Somehow, though, Bernie Sanders has hit upon something. A controversial something. He has energized a whole slew of Democrats with a much more radical version of the Democratic vision, one that harkens back to a pre-Reagan New Deal era.

Let me quote Obama on Reagan:

“I think Ronald Reagan changed the trajectory of America in a way that … Richard Nixon did not and in a way that Bill Clinton did not.”

Obama said this back in 2008 in an interview in Nevada.

It is an indisputable truth. Reagan did change America. Radically. Profoundly. And he eviscerated the Democrats by so doing. His legacy is as much the loss of the New Deal basis for the left in America as it is the modern Republican party. More to the point for us: Reagan’s rise coincided with the dramatic loss of direction in economics. It was the moment that the ascendancy of market magic and all the mysticism associated with it seduced a generation of economists and sent the bulk of the profession off into irrelevancy. Lost in that tide were a few, like Krugman, who clung to a slightly more useful version of economics. And it was these few who then emerged as the core advisory group to the newly neutered and reoriented Democratic party. Hence the letter I mentioned above.

Now the befuddlement of Krugman-like analysts comes into focus: they, like Hillary Clinton, have dedicated their lives to tinkering with the Reagan era and in modest disagreement with its right wing economist enablers. So overwhelmed were they by the radical success of Reaganism and that of its right wing economics, and so difficult has it been for them to mount even a modest counter-attack on them, that they have become unable to conceive of a more radical line of attack. They have become so bogged down in eking out tiny nudges here and there, in endless battles over minor fine details, and in the expenditure of enormous amounts of energy to take back a single yard of lost ground, that they can no longer think in grand terms.

Indeed the very thought of a radical move to the left is anathema to them. They see everything through the lens of their initial epic defeat. They have been absorbed by the very thing they espouse opposition to, and now justify their ineffective opposition by retreating into ultra-pragmatism.

Their attacks on Sanders are not based on ideological difference so much as on practicality. Bernie Sanders, we are told, cannot execute on his proposals because they will stir up such a reaction on the right that we will lurch along in ever greater gridlock and no progress will be made at all. It is thus better, so they tell us, to nudge around a little more and be content with a few scraps of progress. ‘A half loaf is better than no loaf’ has become their favorite phrase.

Except it isn’t a half loaf. It is more like a single percent of a loaf. It is hopelessly inadequate.

To the shock of the Clinton/Krugman wing of the Democratic party a very large number of people, and especially young people, are saying that the appeasement of the Reaganites and their right wing economist advisors is no longer sufficient. There has to be a more radical way to achieve progress. After all progressives are supposed to, well, progress.
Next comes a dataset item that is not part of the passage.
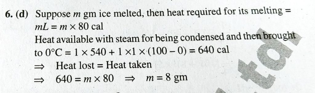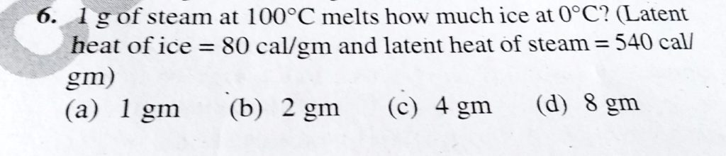1 g of steam at 100 degree C melts how much ice at 0 degree C ? ( Latent heat of ice = 80 cal/gm and latent heat of steam = 540 cal/gm ) 1 g of steam at 100 degree C melts how much ice at 0 degree C ? ( Latent heat of ice = 80 cal/gm and latent heat of steam = 540 cal/gm ) October 3, 2020 Category: Uncategorised (JEE Advanced Physics by BM Sharma + GMP Solutions) , Facebook Messenger WhatsApp Share this:TwitterFacebook Related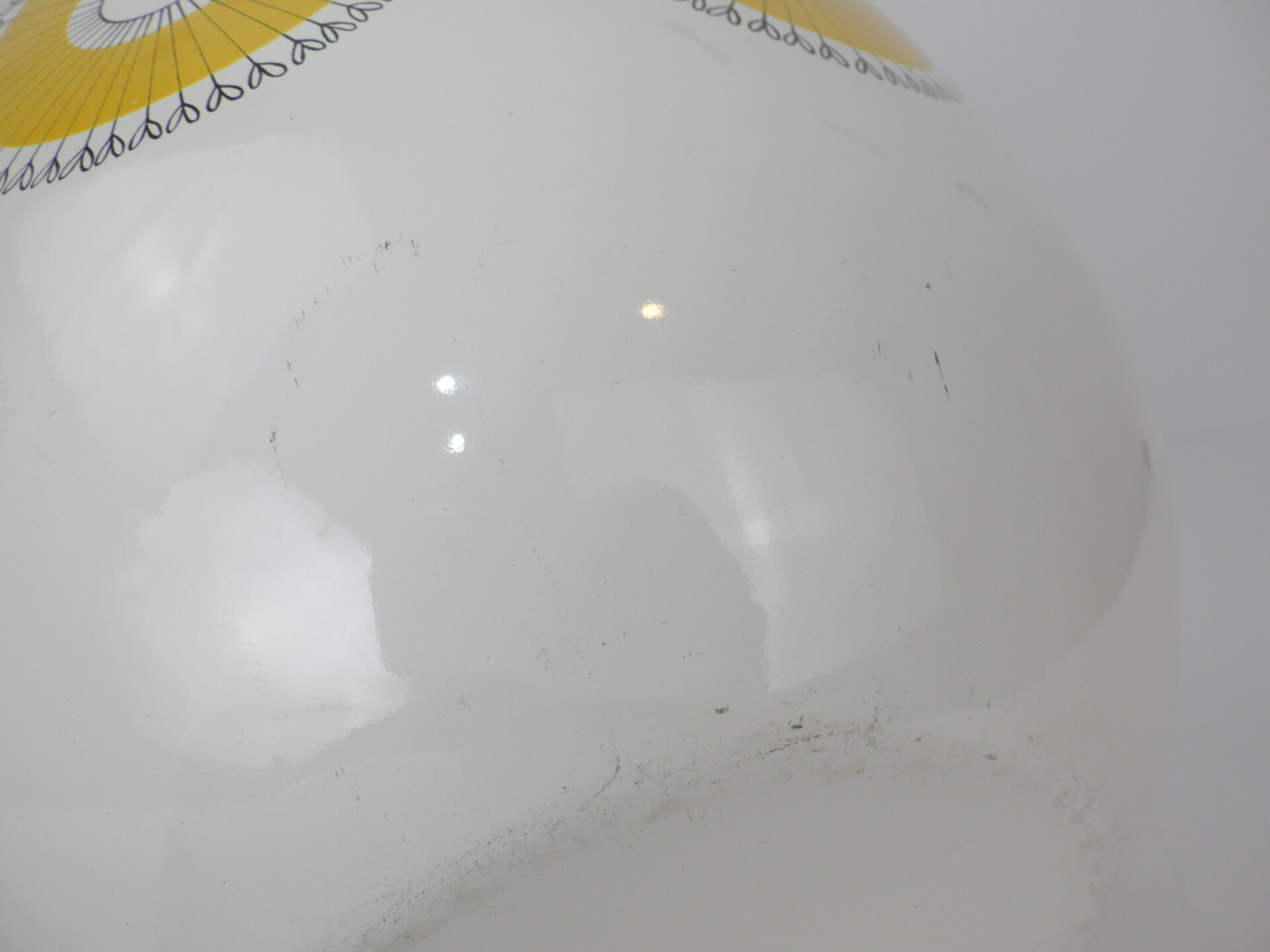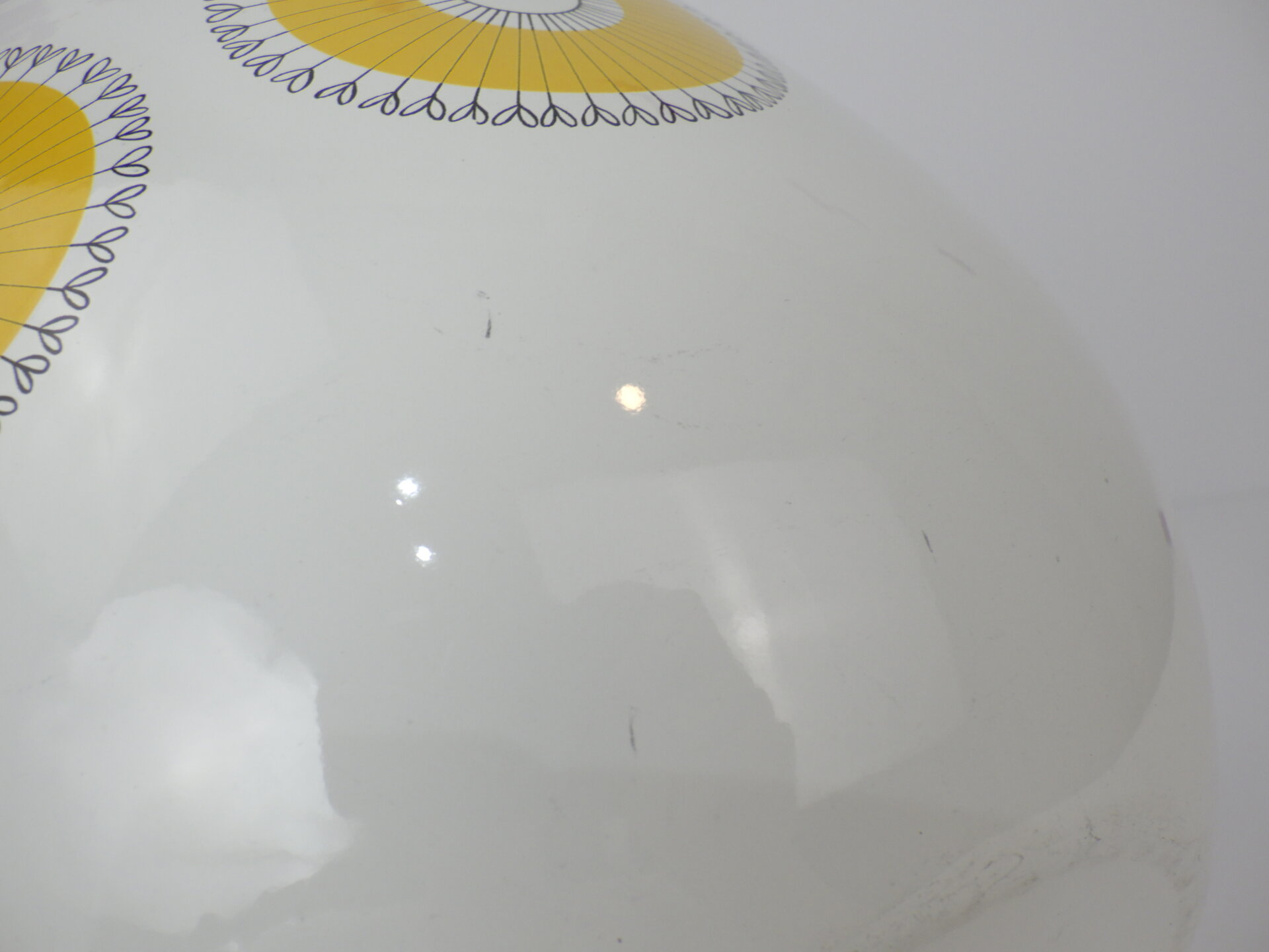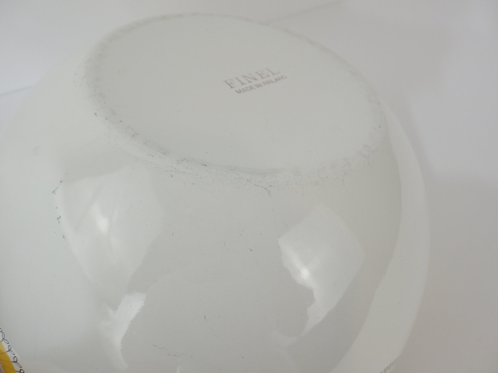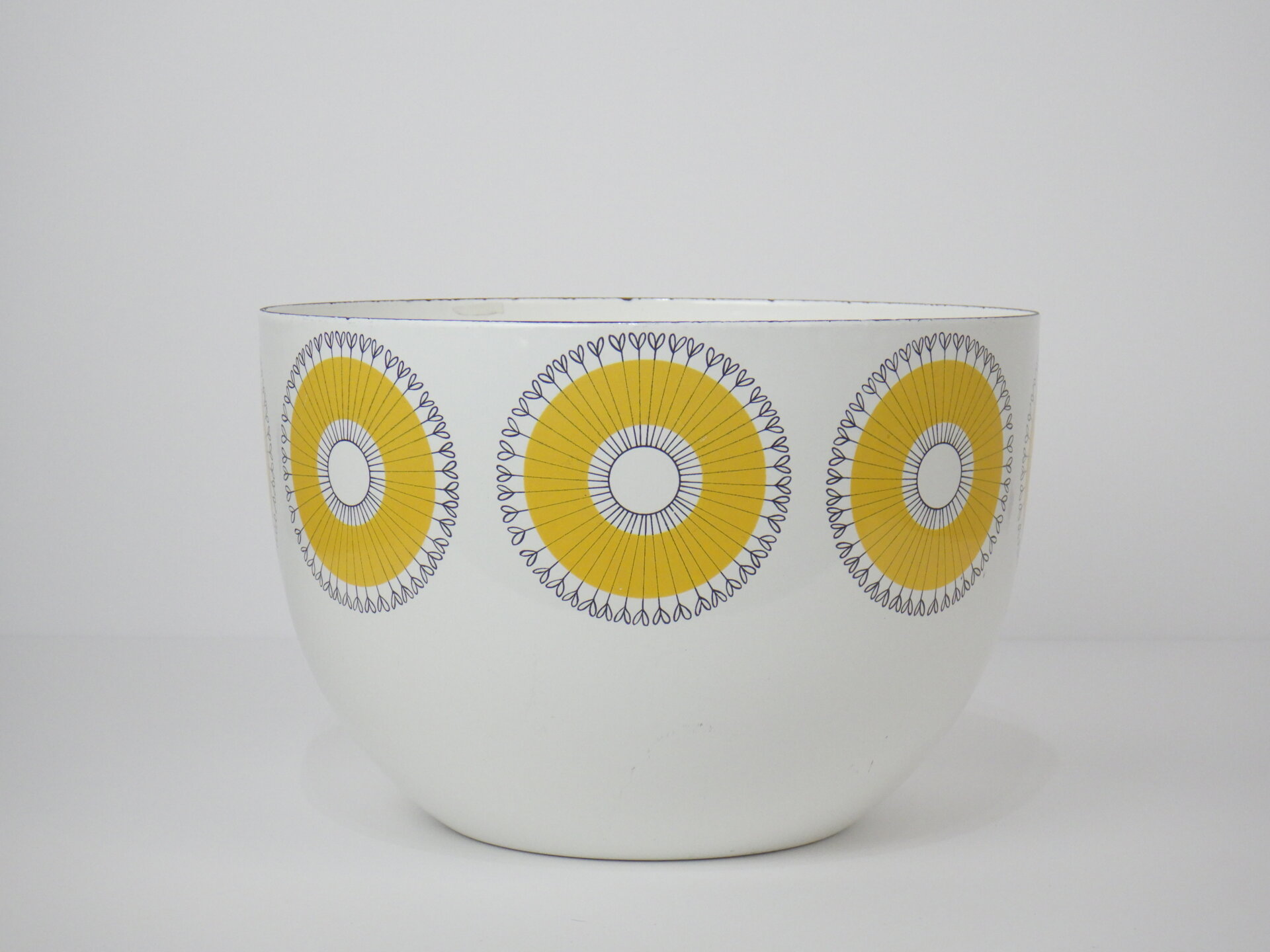| ARABIA社のエナメル製品の部門として1950年代に誕生したFINEL。 調理器具としての耐久性や機能美に加え、インテリアとしても成立するデザイン性の高さから、北欧モダンを代表するプロダクトとして、世界的に評価を受けています。 エナメルボウルは、フィネルのアートディレクター的存在にして、「フィンランドデザインの良心」と呼ばれたKaj Franck(カイ・フランク)がフォルムデザインを担当し、様々な装飾デザイナーとコレボして生み出された名作シリーズです。 こちらのSunflowerは大胆な黄色の円形モチーフに、黒い繊細なラインと小さなハート上の模様が放射線状に描かれたシリーズ。 北欧モダンらしい、明快な配色と図案で、空間を華やかにしてくれますね。 フィネルのボウルは深さがしっかりあり、安定性も抜群なため、ミキシングボウルやサラダボウルとして実用するのにとても使いやすく、おすすめしています。 |

As I see it the Clinton/Krugman generation has spent its energy buried in policy formation and in policy tweaking. It hasn’t spent its energy articulating politics. By which I mean that since the 1980’s the entire left-of-center establishment has devoted itself to making accommodations to Reaganism and not in developing an alternative. The American political economy has been dominated by right wing thinking for over three decades. The results of that domination are clear and are expressed in the form of the economy around us. All the nudging and tweaking have had no noticeable effect. Other, perhaps, than to soften temporarily the steady descent in living standards experienced by an ever increasing percentage of the population.
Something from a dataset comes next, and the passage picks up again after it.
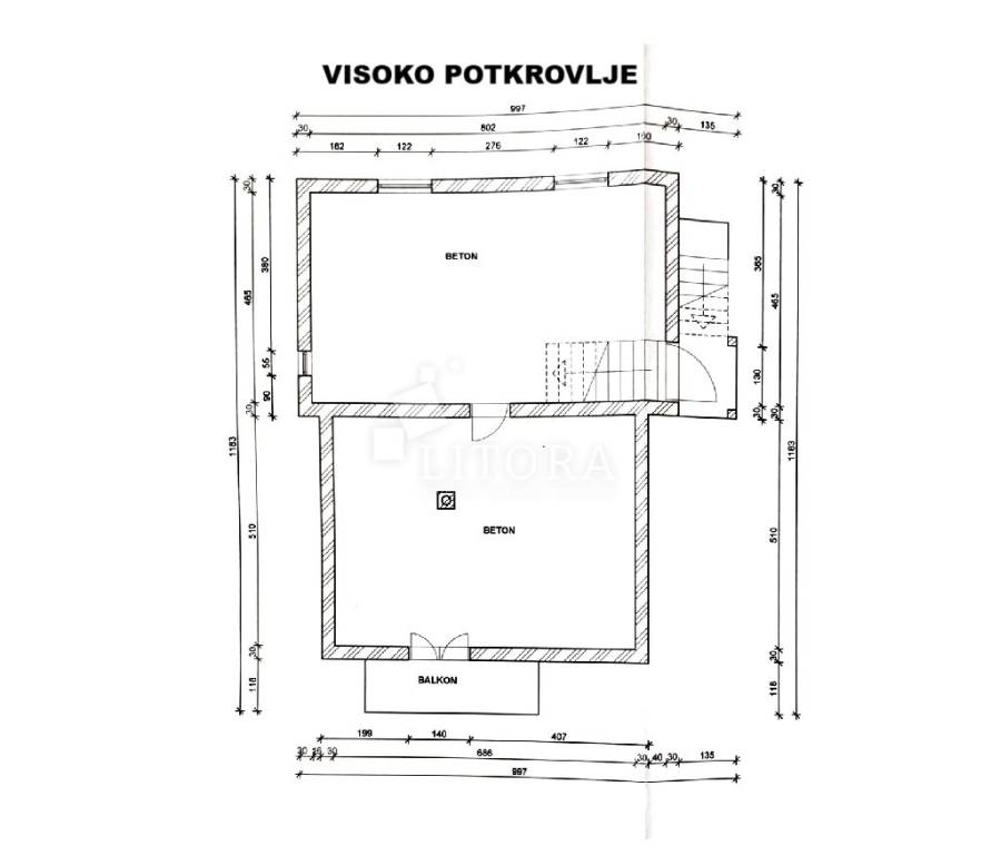 In a quiet part of Benkovac, situated on a gentle elevation with a stunning view of the countryside and the town, lies this detached family house spread over two floors, with a total living area of 146 m², set on a spacious plot of 750 m². The yard extends between two access roads, providing easy entry and additional privacy. On the ground floor there is a fully furnished and move-in ready apartment consisting of: an entrance hall, storage room, bathroom, two bedrooms, a living room with dining area and kitchen, and access to a terrace facing south and east. The apartment is fully equipped, including a wood-burning stove, and is ready for immediate occupancy. The house features a built-in chimney, allowing for solid-fuel heating in the attic as well, should it be converted into a separate unit. The high attic can be arranged as a two-bedroom apartment. It is currently in the shell construction stage, with installed exterior joinery, and has a separate outdoor entrance via an external staircase. The property is connected to public utilities – water supply, sewage, and electricity. The well-maintained garden with several olive trees offers enough space for the construction of a garage, swimming pool, barbecue area, or other outdoor amenities according to the new owner’s preferences. The distance to the town center of Benkovac is approximately 2.5 km, and nearby there is a children’s playground, a small grocery shop, and a primary school. Its peaceful setting, good accessibility, and natural surroundings make this property an ideal choice for family living or a quiet holiday retreat.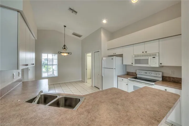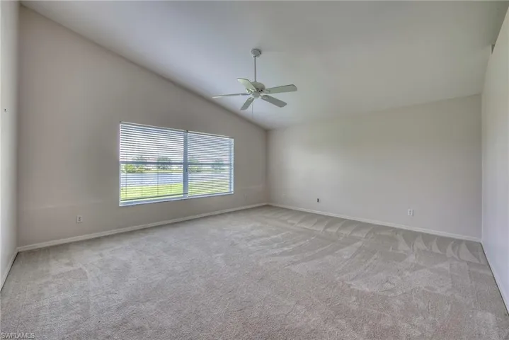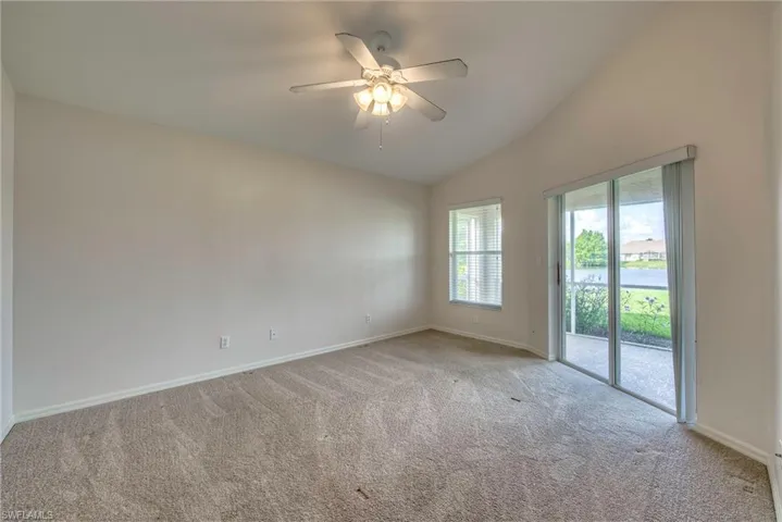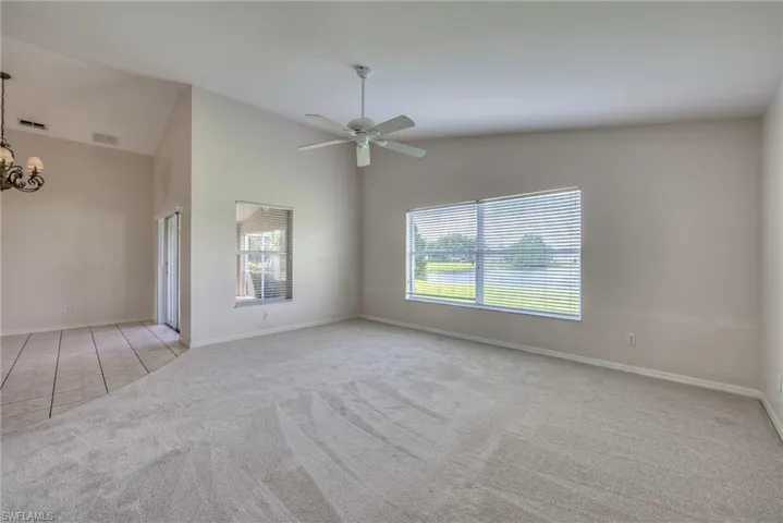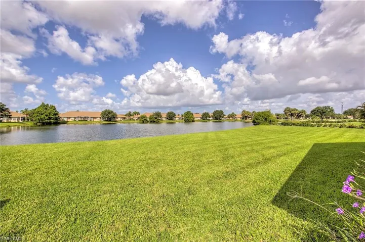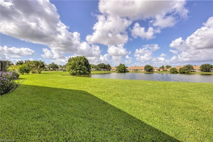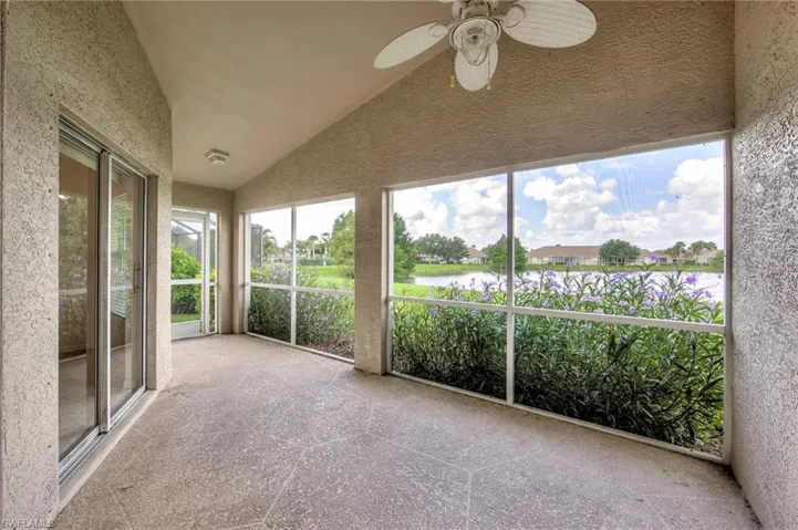 Enjoy peaceful lake and golf course views from this 3 bedroom, 2 bath lakefront home featuring a spacious great room floor plan with vaulted ceilings. The large master bedroom offers a walk-in closet and attached bath with dual sinks and a walk-in shower. The eat-in kitchen includes a breakfast bar and overlooks the family room, creating a comfortable flow ideal for entertaining. Stainless appliances have been installed since pictures were taken. Step out to the screened rear lanai and take in the serene setting of the water and golf course beyond. Lease includes lawn care, basic cable and Internet through Xfinity. Stoneybrook amenities offer something for everyone! Exercise room, tennis courts, pickleball, volleyball, basketball, in-line skating rink, bocce ball and baseball field! The golf course is public so you can pay when you play. Conveniently located close to shopping, dining, interstate, beaches, university and airport. Short walk to golf course clubhouse, CVS, Publix, Miromar mall and Germain arena. 15 minutes from airport baggage claim. Perfect location and great amenities make Stoneybrook a popular choice!

But we have now reached a moment when enough people have noticed  and and are rejecting that descent. They want a break with the past, not a continuation of it. Such a break cannot be provided by pragmatism. Before the pragmatists get busy installing the new order and making it work in a practical way, someone has to imagine it. Someone has to articulate it.

And that is what Sanders is doing. And that, apparently, is what confuses Krugman.